• **The task**
Copy the records word for word, omitting all pictures.

• **Source material**

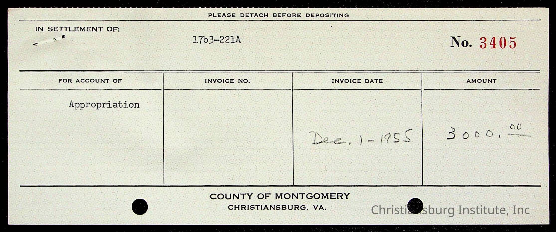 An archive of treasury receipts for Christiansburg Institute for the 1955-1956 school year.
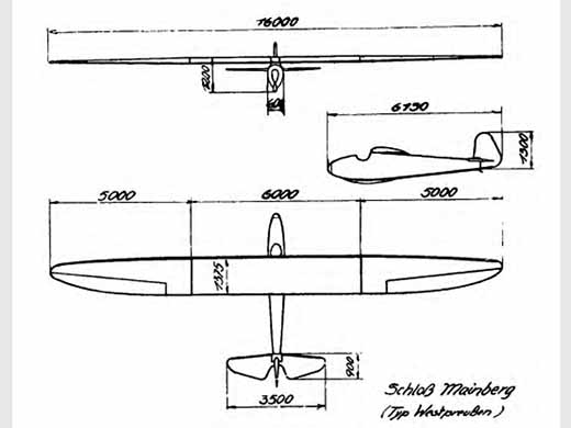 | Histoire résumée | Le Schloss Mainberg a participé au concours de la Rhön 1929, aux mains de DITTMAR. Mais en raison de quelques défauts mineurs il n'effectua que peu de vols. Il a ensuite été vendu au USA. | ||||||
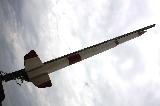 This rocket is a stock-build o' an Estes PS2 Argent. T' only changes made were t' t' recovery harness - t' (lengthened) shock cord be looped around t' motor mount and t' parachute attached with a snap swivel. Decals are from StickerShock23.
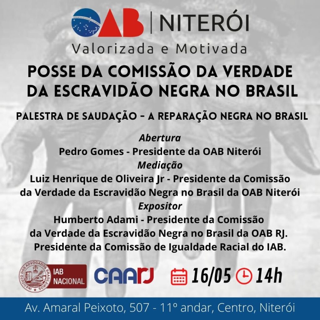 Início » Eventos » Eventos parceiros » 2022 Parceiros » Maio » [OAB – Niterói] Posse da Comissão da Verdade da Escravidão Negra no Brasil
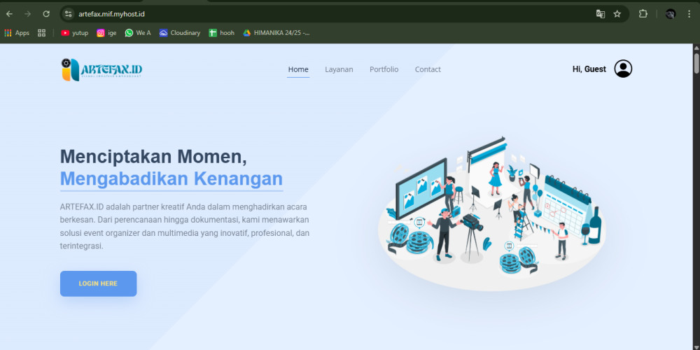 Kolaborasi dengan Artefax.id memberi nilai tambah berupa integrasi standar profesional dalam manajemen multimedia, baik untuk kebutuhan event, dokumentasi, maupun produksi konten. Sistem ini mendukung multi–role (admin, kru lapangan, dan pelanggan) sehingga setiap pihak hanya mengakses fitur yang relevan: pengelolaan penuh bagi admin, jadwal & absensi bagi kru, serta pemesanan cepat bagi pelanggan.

• **Answer section**
 An archive of treasury receipts for Christiansburg Institute for the 1955-1956 school year.
 | Histoire résumée | Le Schloss Mainberg a participé au concours de la Rhön 1929, aux mains de DITTMAR. Mais en raison de quelques défauts mineurs il n'effectua que peu de vols. Il a ensuite été vendu au USA. | ||||||
 This rocket is a stock-build o' an Estes PS2 Argent. T' only changes made were t' t' recovery harness - t' (lengthened) shock cord be looped around t' motor mount and t' parachute attached with a snap swivel. Decals are from StickerShock23.
 Início » Eventos » Eventos parceiros » 2022 Parceiros » Maio » [OAB – Niterói] Posse da Comissão da Verdade da Escravidão Negra no Brasil
 Kolaborasi dengan Artefax.id memberi nilai tambah berupa integrasi standar profesional dalam manajemen multimedia, baik untuk kebutuhan event, dokumentasi, maupun produksi konten. Sistem ini mendukung multi–role (admin, kru lapangan, dan pelanggan) sehingga setiap pihak hanya mengakses fitur yang relevan: pengelolaan penuh bagi admin, jadwal & absensi bagi kru, serta pemesanan cepat bagi pelanggan.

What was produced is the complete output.